Propósito do lanche

Esta rapariga almoça sozinha, mas nós, como equipa grande e respeitável que somos, ocupamos-lhe a mesa por inteiro, ficando esta rodeada por estranhos, um pequeno incómodo que não deverá tirar-lhe o sono porque está de fones e habita num mundo que claramente não é o nosso. Não se lembrará, com grande probabilidade, disto que descrevo, e eu, não fosse a necessidade de dar contexto a esta narrativa, seria vítima da mesma circunstância.

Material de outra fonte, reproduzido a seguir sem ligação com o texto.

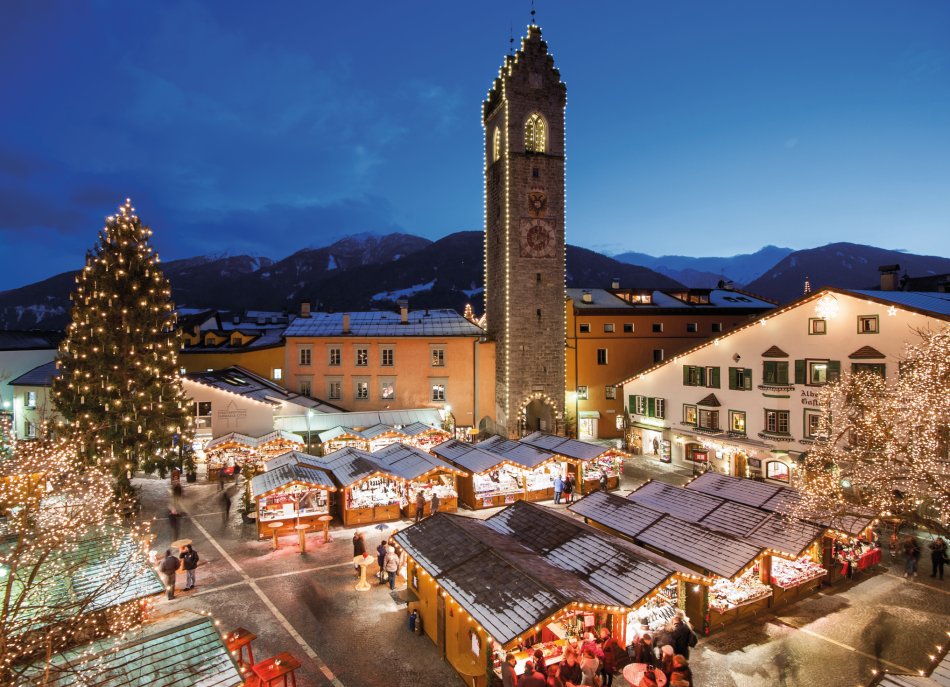 Sterzing ist eine charmante spätmittelalterliche Bergwerksstadt und auf fast 1000 m Südtirols höchstgelegene Stadt. Zu Weihnachten steht die Stadt unter dem Motto „Glockenweihnacht“. Lassen Sie sich bei einem Bummel über den Weihnachtsmarkt in festliche Stimmung versetzen.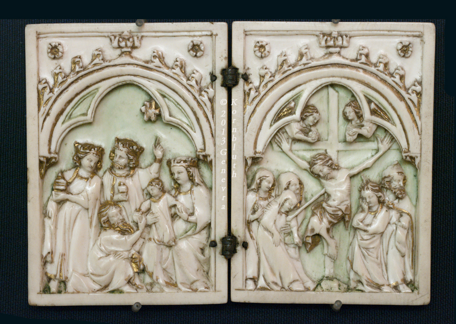Adoration Magi and Cucifixion, ivory diptych, France c.1325-1350, Cluny Cl.15330-15331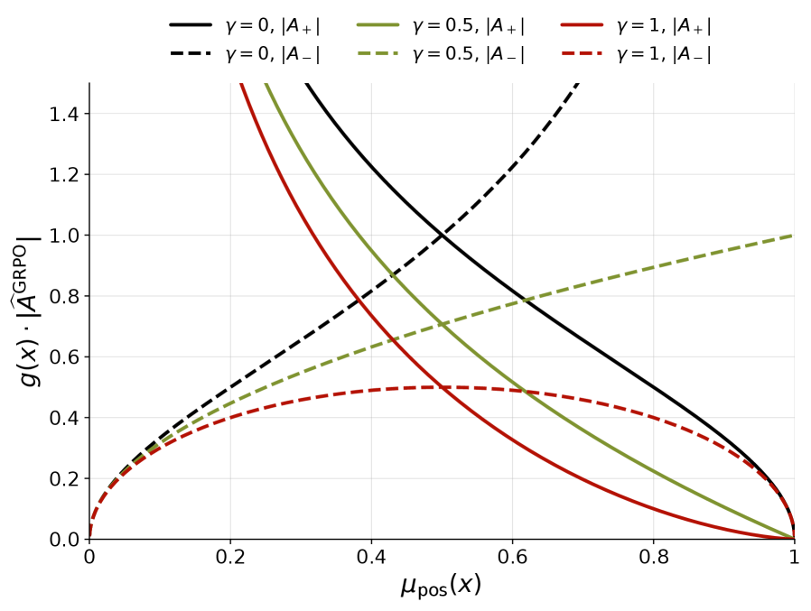 The modification is a difficulty-aware advantage scaling coefficient that multiplies the advantage function. High-probability solutions (which the policy already handles well) get downweighted. Low-probability solutions get preserved or even amplified. This does two things simultaneously: it reduces the gradient signal from easy-to-solve cases, and it protects the gradient signal from hard-to-solve cases.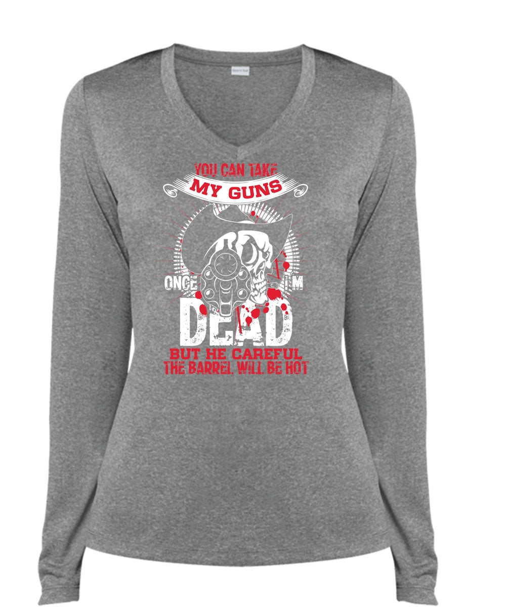 You Can Take My Guns T Shirt, Being A Gunner T Shirt, Cool Shirt (Ladies LS Heather V-Neck)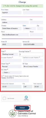 Enter the routing number, then the bank account number, re-enter the bank account number. Enter Driver License or SSN information. Click Submit.

Almoçou sozinha, comeu pouco e agora levanta-se. Entrega o tabuleiro junto à banca, ainda de fones, e dirige-se devagar até ao seu escritório, que deverá ser no primeiro piso num canto qualquer onde possa recolher-se sem ser julgada pelos olhares inevitáveis a que com certeza está habituada. Vê-se-lhe a espinha, ao longe, e quase tropeça nos seus passos. Logo, porventura, tomará um ou dois laxantes e deitar-se-á com muito pouca vontade de repetir isto amanhã. Pergunto-me se tem consciência do perfume que deixa nos espaços, da esperança que imprime em corações, do poder que tem sobre os raciocínios. Não me é claro se esta consciência a faria por fim sorrir ou andar de forma ainda menos convincente.

E agora, parece-me completamente despropositado lanchar.